Problem description:
Exactly and in full, give the records again.

Information supplied:
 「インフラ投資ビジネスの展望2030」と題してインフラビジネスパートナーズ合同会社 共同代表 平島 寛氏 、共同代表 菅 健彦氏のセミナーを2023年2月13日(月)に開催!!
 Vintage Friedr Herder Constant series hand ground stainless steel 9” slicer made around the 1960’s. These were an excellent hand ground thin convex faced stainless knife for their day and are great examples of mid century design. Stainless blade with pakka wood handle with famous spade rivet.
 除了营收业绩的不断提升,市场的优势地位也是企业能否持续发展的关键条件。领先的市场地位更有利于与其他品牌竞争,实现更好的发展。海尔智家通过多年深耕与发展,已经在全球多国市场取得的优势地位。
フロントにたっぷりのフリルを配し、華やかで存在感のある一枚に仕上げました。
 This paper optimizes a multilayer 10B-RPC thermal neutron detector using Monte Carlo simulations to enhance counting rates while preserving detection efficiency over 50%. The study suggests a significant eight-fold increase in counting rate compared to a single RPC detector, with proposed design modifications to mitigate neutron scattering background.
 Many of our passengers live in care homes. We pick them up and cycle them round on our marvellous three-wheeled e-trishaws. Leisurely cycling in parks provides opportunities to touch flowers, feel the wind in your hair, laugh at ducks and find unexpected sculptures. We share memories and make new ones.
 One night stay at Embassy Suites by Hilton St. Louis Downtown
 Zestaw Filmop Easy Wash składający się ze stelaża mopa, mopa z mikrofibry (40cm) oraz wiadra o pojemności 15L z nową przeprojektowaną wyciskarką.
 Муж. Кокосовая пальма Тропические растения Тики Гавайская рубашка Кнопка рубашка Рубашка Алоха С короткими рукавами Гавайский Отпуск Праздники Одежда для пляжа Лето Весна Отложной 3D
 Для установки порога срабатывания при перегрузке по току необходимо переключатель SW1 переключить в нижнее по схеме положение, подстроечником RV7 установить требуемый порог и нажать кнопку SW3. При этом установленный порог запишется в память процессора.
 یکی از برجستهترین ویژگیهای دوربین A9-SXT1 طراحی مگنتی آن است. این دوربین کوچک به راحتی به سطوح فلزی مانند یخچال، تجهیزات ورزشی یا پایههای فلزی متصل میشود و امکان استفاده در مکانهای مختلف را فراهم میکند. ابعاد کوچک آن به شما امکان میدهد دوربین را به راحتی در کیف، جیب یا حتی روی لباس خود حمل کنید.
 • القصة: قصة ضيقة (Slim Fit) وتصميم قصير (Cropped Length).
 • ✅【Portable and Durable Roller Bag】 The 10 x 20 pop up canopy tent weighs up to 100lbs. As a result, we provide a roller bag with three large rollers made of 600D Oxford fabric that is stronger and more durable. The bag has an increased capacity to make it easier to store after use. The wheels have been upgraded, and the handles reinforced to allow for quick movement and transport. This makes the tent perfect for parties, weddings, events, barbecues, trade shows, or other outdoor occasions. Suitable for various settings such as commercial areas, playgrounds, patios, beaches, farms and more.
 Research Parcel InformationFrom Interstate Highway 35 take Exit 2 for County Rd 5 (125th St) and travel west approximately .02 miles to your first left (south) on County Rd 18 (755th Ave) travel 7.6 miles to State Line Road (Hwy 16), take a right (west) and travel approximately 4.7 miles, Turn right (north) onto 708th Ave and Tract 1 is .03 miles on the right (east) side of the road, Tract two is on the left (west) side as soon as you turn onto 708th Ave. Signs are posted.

Output below:
 「インフラ投資ビジネスの展望2030」と題してインフラビジネスパートナーズ合同会社 共同代表 平島 寛氏 、共同代表 菅 健彦氏のセミナーを2023年2月13日(月)に開催!!
 Vintage Friedr Herder Constant series hand ground stainless steel 9” slicer made around the 1960’s. These were an excellent hand ground thin convex faced stainless knife for their day and are great examples of mid century design. Stainless blade with pakka wood handle with famous spade rivet.
 除了营收业绩的不断提升,市场的优势地位也是企业能否持续发展的关键条件。领先的市场地位更有利于与其他品牌竞争,实现更好的发展。海尔智家通过多年深耕与发展,已经在全球多国市场取得的优势地位。
フロントにたっぷりのフリルを配し、華やかで存在感のある一枚に仕上げました。
 This paper optimizes a multilayer 10B-RPC thermal neutron detector using Monte Carlo simulations to enhance counting rates while preserving detection efficiency over 50%. The study suggests a significant eight-fold increase in counting rate compared to a single RPC detector, with proposed design modifications to mitigate neutron scattering background.
 Many of our passengers live in care homes. We pick them up and cycle them round on our marvellous three-wheeled e-trishaws. Leisurely cycling in parks provides opportunities to touch flowers, feel the wind in your hair, laugh at ducks and find unexpected sculptures. We share memories and make new ones.
 One night stay at Embassy Suites by Hilton St. Louis Downtown
 Zestaw Filmop Easy Wash składający się ze stelaża mopa, mopa z mikrofibry (40cm) oraz wiadra o pojemności 15L z nową przeprojektowaną wyciskarką.
 Муж. Кокосовая пальма Тропические растения Тики Гавайская рубашка Кнопка рубашка Рубашка Алоха С короткими рукавами Гавайский Отпуск Праздники Одежда для пляжа Лето Весна Отложной 3D
 Для установки порога срабатывания при перегрузке по току необходимо переключатель SW1 переключить в нижнее по схеме положение, подстроечником RV7 установить требуемый порог и нажать кнопку SW3. При этом установленный порог запишется в память процессора.
 یکی از برجستهترین ویژگیهای دوربین A9-SXT1 طراحی مگنتی آن است. این دوربین کوچک به راحتی به سطوح فلزی مانند یخچال، تجهیزات ورزشی یا پایههای فلزی متصل میشود و امکان استفاده در مکانهای مختلف را فراهم میکند. ابعاد کوچک آن به شما امکان میدهد دوربین را به راحتی در کیف، جیب یا حتی روی لباس خود حمل کنید.
 • القصة: قصة ضيقة (Slim Fit) وتصميم قصير (Cropped Length).
 • ✅【Portable and Durable Roller Bag】 The 10 x 20 pop up canopy tent weighs up to 100lbs. As a result, we provide a roller bag with three large rollers made of 600D Oxford fabric that is stronger and more durable. The bag has an increased capacity to make it easier to store after use. The wheels have been upgraded, and the handles reinforced to allow for quick movement and transport. This makes the tent perfect for parties, weddings, events, barbecues, trade shows, or other outdoor occasions. Suitable for various settings such as commercial areas, playgrounds, patios, beaches, farms and more.
 Research Parcel InformationFrom Interstate Highway 35 take Exit 2 for County Rd 5 (125th St) and travel west approximately .02 miles to your first left (south) on County Rd 18 (755th Ave) travel 7.6 miles to State Line Road (Hwy 16), take a right (west) and travel approximately 4.7 miles, Turn right (north) onto 708th Ave and Tract 1 is .03 miles on the right (east) side of the road, Tract two is on the left (west) side as soon as you turn onto 708th Ave. Signs are posted.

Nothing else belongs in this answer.